Why MTN Uganda’s IPO has failed to beat its target

Wim Vanhelleputte

Wim Vanhelleputte

All indications are that the MTN Uganda’s six-week sale of shares to the public, which closed on November 22, performed below expectations, and that suggestions to extend the sale had been laid on the table. 

MTN’s sale of the shares, sometimes known as the Initial Public Offer (IPO), was expected to bring at least 108,000 new shareholders to the market. By the close of the IPO on Monday, that number had just passed 60,000. The finer details of the IPO will be released on December 3, but some experts say that this will be the first undersubscribed IPO in a long time in Uganda.

The company was expected to collect $250 million from the IPO, but there are indications that the figure will be far below that target. Ultimately, MTN’s performance was hurt by a cocktail of factors, both internal and external.

Let’s start with the external factors. From the time discussions between the government of Uganda and MTN Uganda over the need for the telecom company to sell its shares to the public started more than two years ago, everything pointed to the company being arm-twisted on this policy directive.

MTN Uganda had given indications that it did not feel comfortable listing on the Uganda Securities Exchange. Listing shares obviously comes with sharing the cherry pie of the Ugandan market, which the telecom company has dominated for more than a decade.

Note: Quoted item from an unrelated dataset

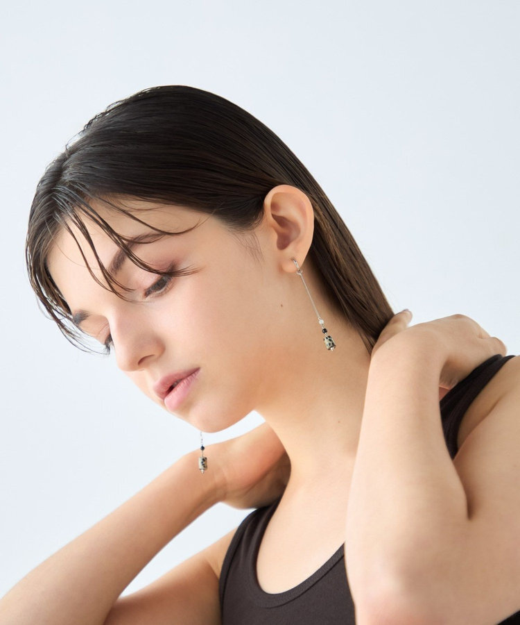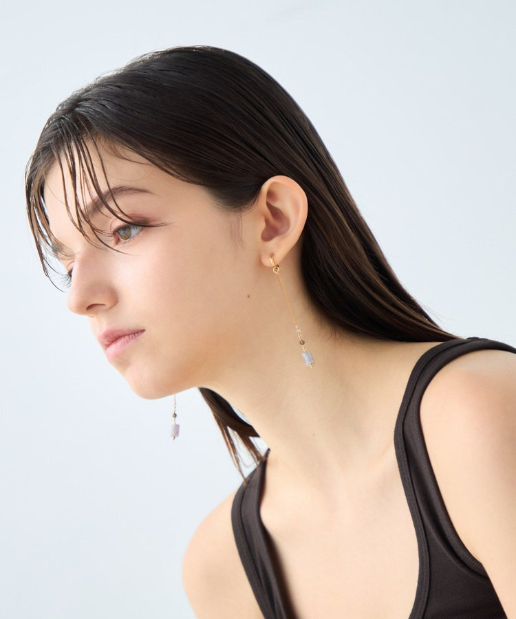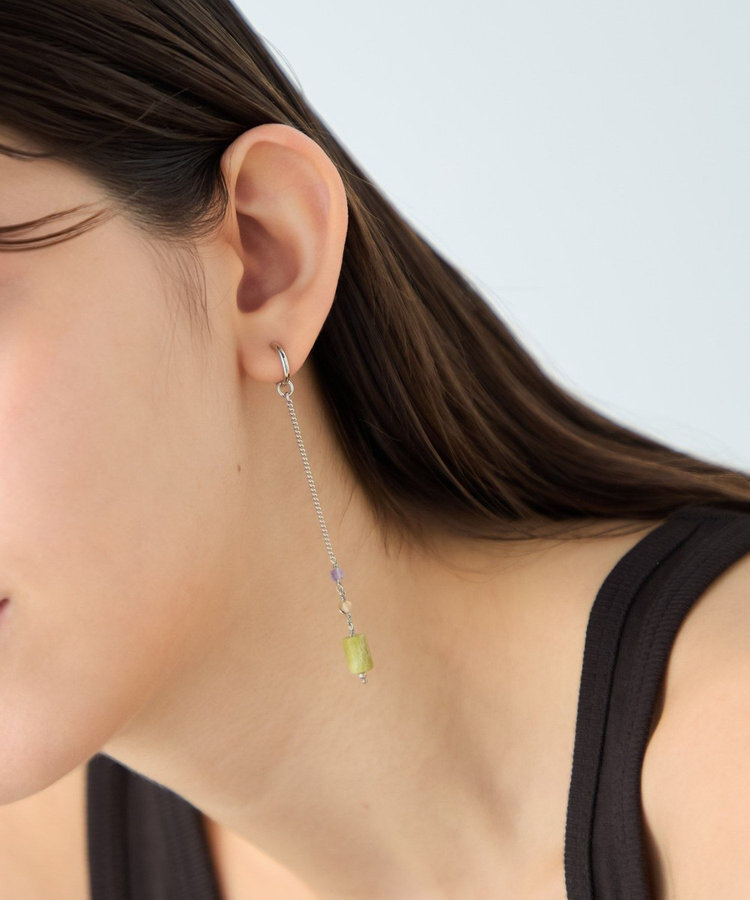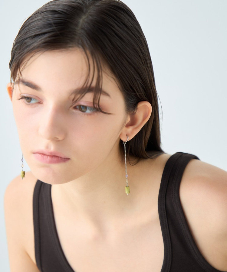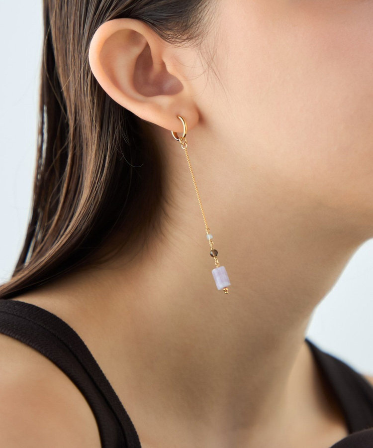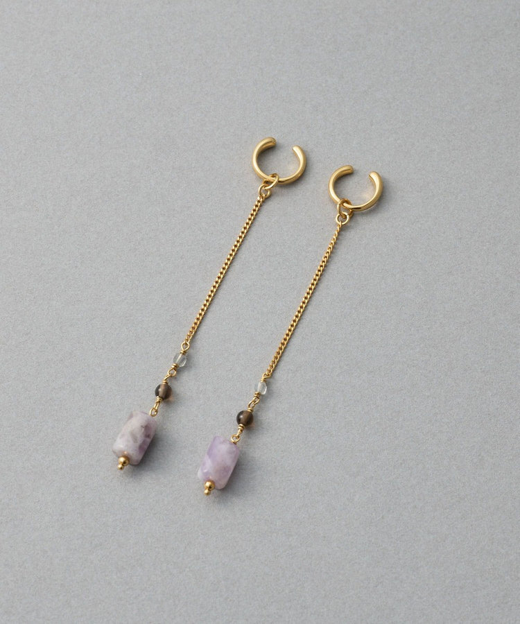 ete 天然石長鍊圓柱垂墜C型夾式耳環

Also, placing the company on the Uganda Securities Exchange would subject the telecom giant to intense scrutiny, and ultimately open it up to applause and criticism in equal measure.

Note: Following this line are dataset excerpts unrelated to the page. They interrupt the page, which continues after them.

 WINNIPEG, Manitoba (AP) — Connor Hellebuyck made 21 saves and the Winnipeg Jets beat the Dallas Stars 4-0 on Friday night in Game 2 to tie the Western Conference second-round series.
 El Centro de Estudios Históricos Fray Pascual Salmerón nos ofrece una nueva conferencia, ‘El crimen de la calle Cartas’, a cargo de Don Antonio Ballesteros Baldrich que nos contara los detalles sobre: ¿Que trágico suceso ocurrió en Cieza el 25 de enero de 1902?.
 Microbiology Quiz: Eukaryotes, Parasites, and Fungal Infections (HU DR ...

As part of the requirements to renew MTN Uganda’s license, the Uganda Communications Commission ordered the telecom company to list 20 per cent of its shares to the public. Considering this is the largest company in the country in terms of revenue generation, a 20 per cent stake was always a huge figure.

For a country like Uganda where trading in shares is not a popular business venture among the public – only 42,000 investors (both retail and institutional existed on the Uganda Securities Exchange before the MTN IPO was launched – floating 20 per cent shares was always going to be a hard sell.

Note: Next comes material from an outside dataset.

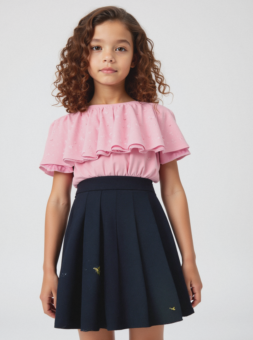 Minimalist, knee-up shot, Western European preteen female model, around 10-12 years old, with medium-length chestnut brown curly hair styled elegantly, soft facial contours, natural childlike proportions. Standing straight with a slim build, facing forward, arms down at sides, legs relaxed. Wearing (pink ruffled top, short sleeves, soft fabric, regular fit), (black skirt, high-waisted, above the knee, flared silhouette). Plain white studio background, high contrast, sharp focus, emphasizes simple and modern preteen fashion. Detailed skin texture, fair with cool undertones. Shot on Canon R5, Vogue photoshoot, unedited, raw, DSC_02.jpg, National Geographic, 2019 / Nikon D3400, 50mm, f/2.8.
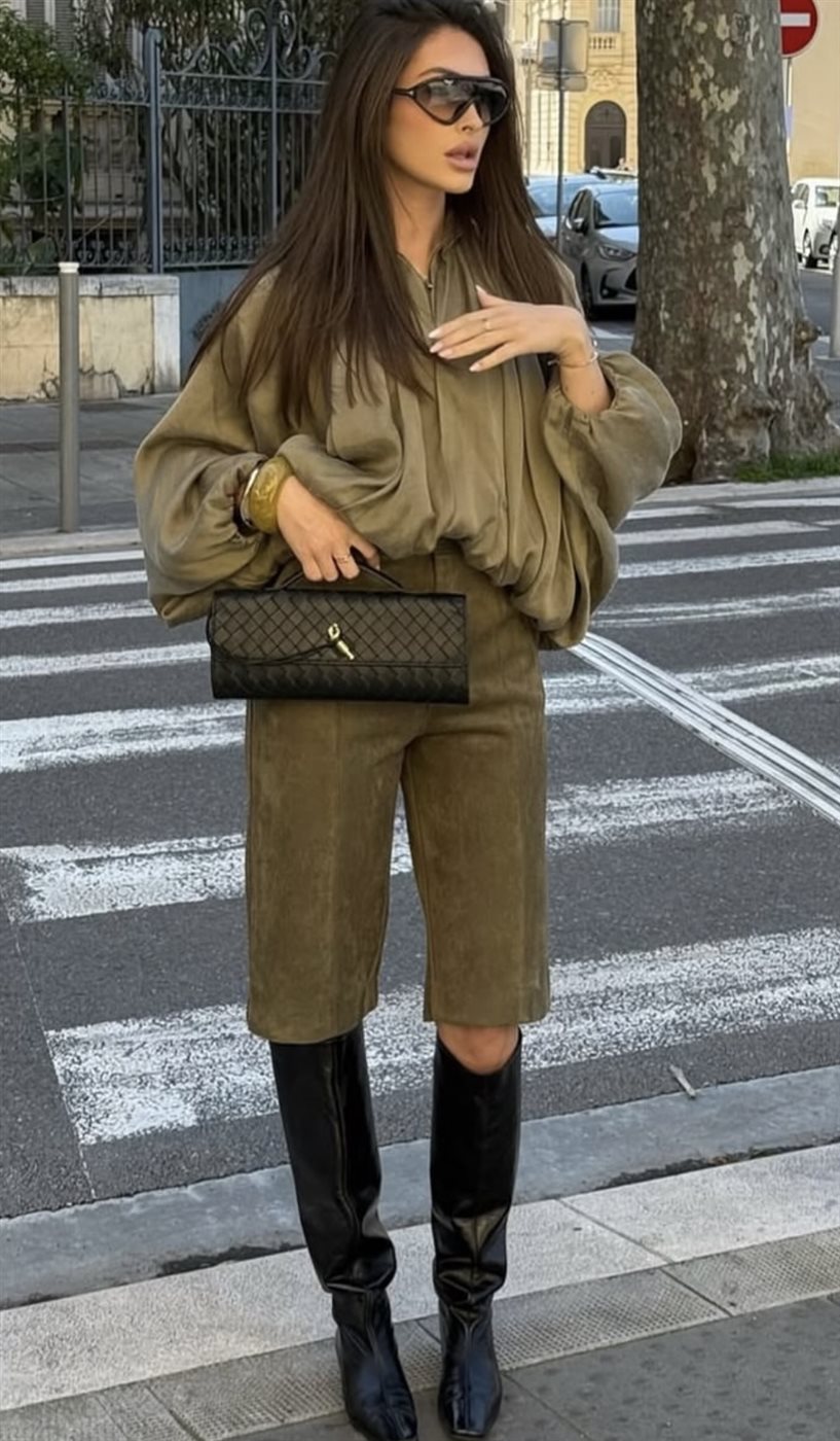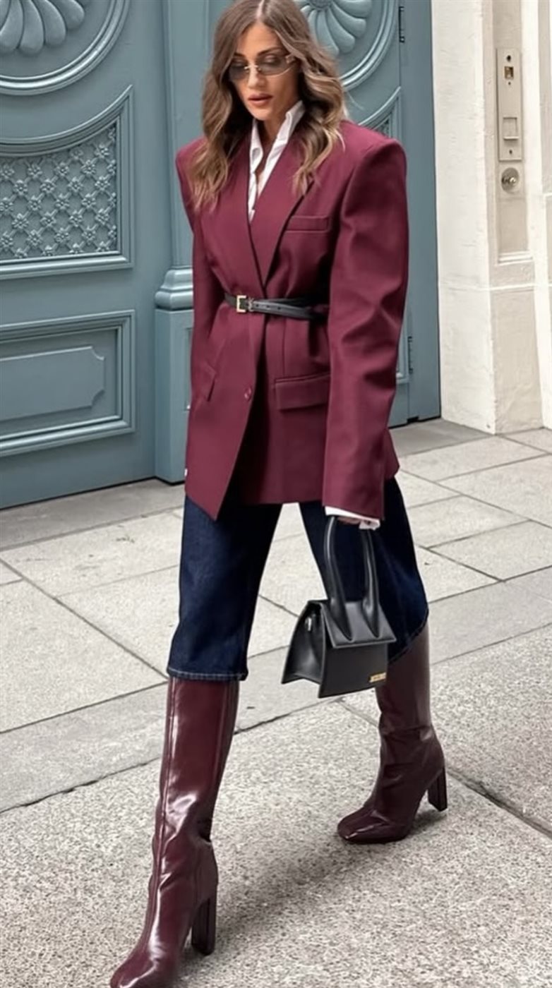 - البوت العالي (Over-the-Knee): يمنح الإطلالة طابعاً فاخراً وجريئاً، ويمكن تنسيقه مع سترة جلدية أو معطف طويل لإطلالة متوازنة بين القوة والأنوثة.

The timing was also not that perfect. Uganda’s economy is still emerging from the impact of the Covid-19 pandemic. Lockdown measures are still in place. Schools are still closed while the nightlife – one of the country’s popular tourism sectors – remains largely quiet.

Many Ugandans, who have either lost jobs or taken salary cuts, lack disposable income to invest in shares. The performance of the Uganda Securities Exchange has also not excited potential investors. A number of counters such as Umeme, Uganda Clays and National Insurance Corporation are trading at levels below their IPO prices.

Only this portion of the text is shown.